There are some guidelines to finding functions that you didn’t know existed. Brute-force search is a pretty good start. clojure.core isn’t all that large. Starting from a similar function is a good strategy for breaking up your search-space. In my case, I had heard of partition and knew it’s operation to be very similar to what I wrote split-it-up to do. Clojure 1.1 doesn’t have it, but the to-be-released-any-day-now Clojure 1.2 has partition-by which turned out to be exactly what I needed.

I was totally lost as to how to further distill the second expression. I knew I wanted something that used first and count and little else. The call to list and placing the arguments for evaluation were plumbing, something that wasn’t directly related to my problem. This seemed to me to be a new concept I had no tool for. Provided a list of functions, I wanted to get a new function that returned the result of collecting their application.

I considered a couple of approaches. do is a form similar in spirit. Besides the fact that it’s not a pure function, it takes some computations and performs each one. I could have written my own combinator and solved the plumbing case in general with something like:

(defn frobulate [fs]
  (fn [& vals]
    (map #(apply % vals) fs))

But for some reason it got wedged in my head that perhaps iterate might hold the key to a terse expression of this idea. It didn’t. Two functions down from that in the docs however, I found juxt. Exactly what I needed.

A one-liner emerged:

(sort-by second > (map (juxt first count) (partition-by identity (sort "abcdaabccc"))))
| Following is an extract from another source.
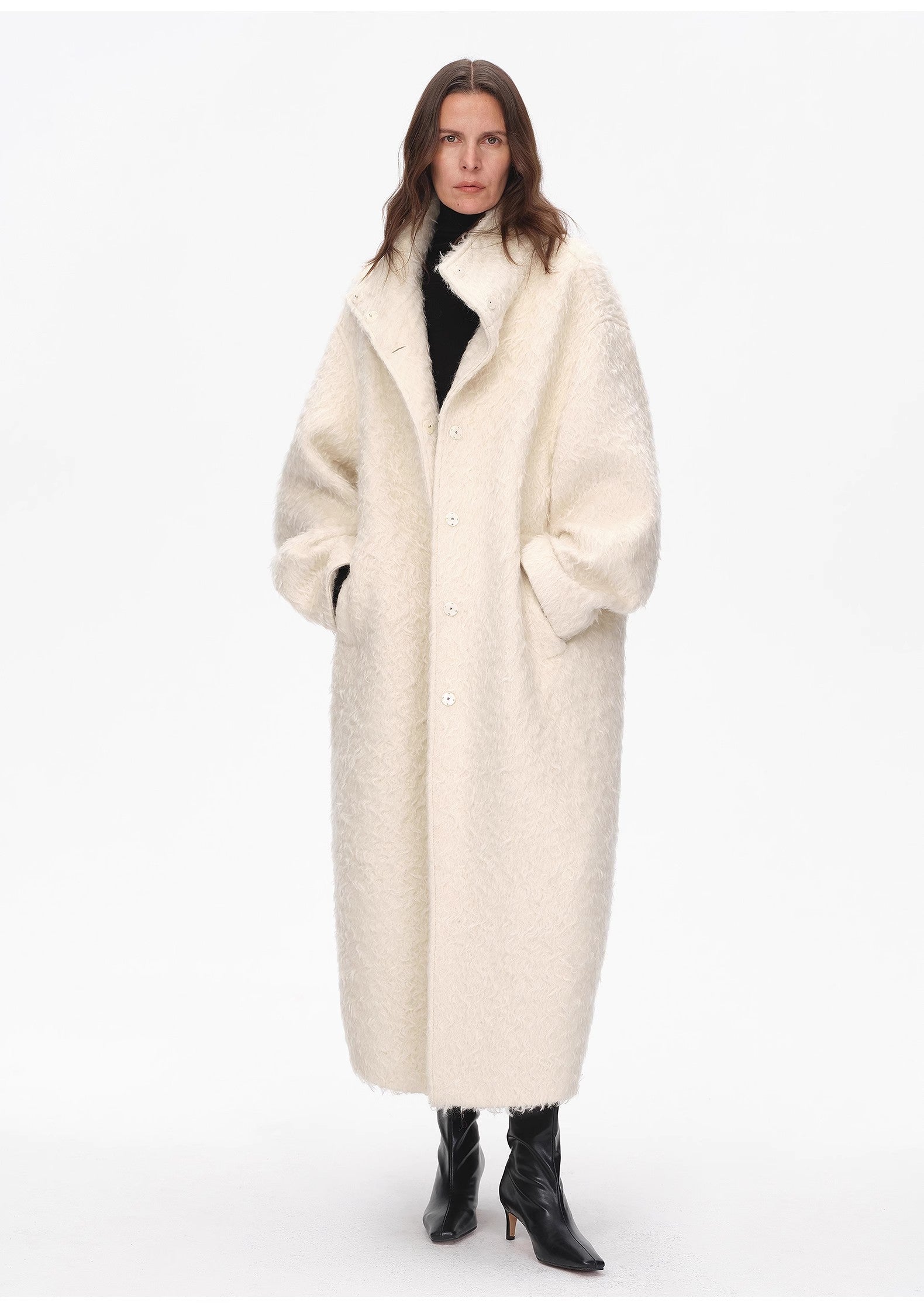 "Song of Snowland"Women's Mohair Wool Stand Collar Coat Autumn and Winter Loose Woolen Coat

Rule #6 – -> and ->> are your friend

It still reads backward. The revelation that I should be using ->> came to me way back at Rule #3. I was applying multiple transformations to a single sequence, which the ->> macro exists to make more readable.

(->> str
     (partition-by identity)
     (map (juxt first count))
     (sort-by second >))

Rule #7 – Don’t use -> and ->>

If you’ll notice, we’ve now transformed our crappy, procedural series of steps into a beautifully constructed and elegantly distilled…series of steps. Don’t worry so much about it. This is, to my eye, another one of the great circle-of-life symmetries (ourobous?) of computation. Code is data, data is code, procedural steps beget functional evaluation beget a series of procedural steps. Just to be clear though, I still think you should use ->>. In our case, I like it’s readability better than our one-liner. But if you sat down next to me, explained your fantastic transformative functional ideas and then the next 4 characters you typed were the threading macro, I’d take the keyboard away from you and bludgeon you to death with it. Because of Rule #1, Rule #5 becomes a dangerous weapon. Most of the time, a let would suffice to make our first, wild attempts readable and flexible. In our case, we could:

(let [a (sort str)
      b (partition-by identity a)
      c (map (juxt first count) a)]
  (sort-by second > c))

but it’s pathological.

Parting thought. juxt was a bit of a revelation for me. 5 months ago, I never would have even looked for an operator to solve what I could write myself to suit my needs just as well. The cold, stark expressiveness of
(juxt first count) makes me wonder if now that you hold in your hands the 4 steps of character counting: sort (partition-by identity) (map (juxt first count)) and (sort-by second >) you could combine them with one other operator, (instinctively I want to say reduce?) to write a one liner that doesn’t do so much as be.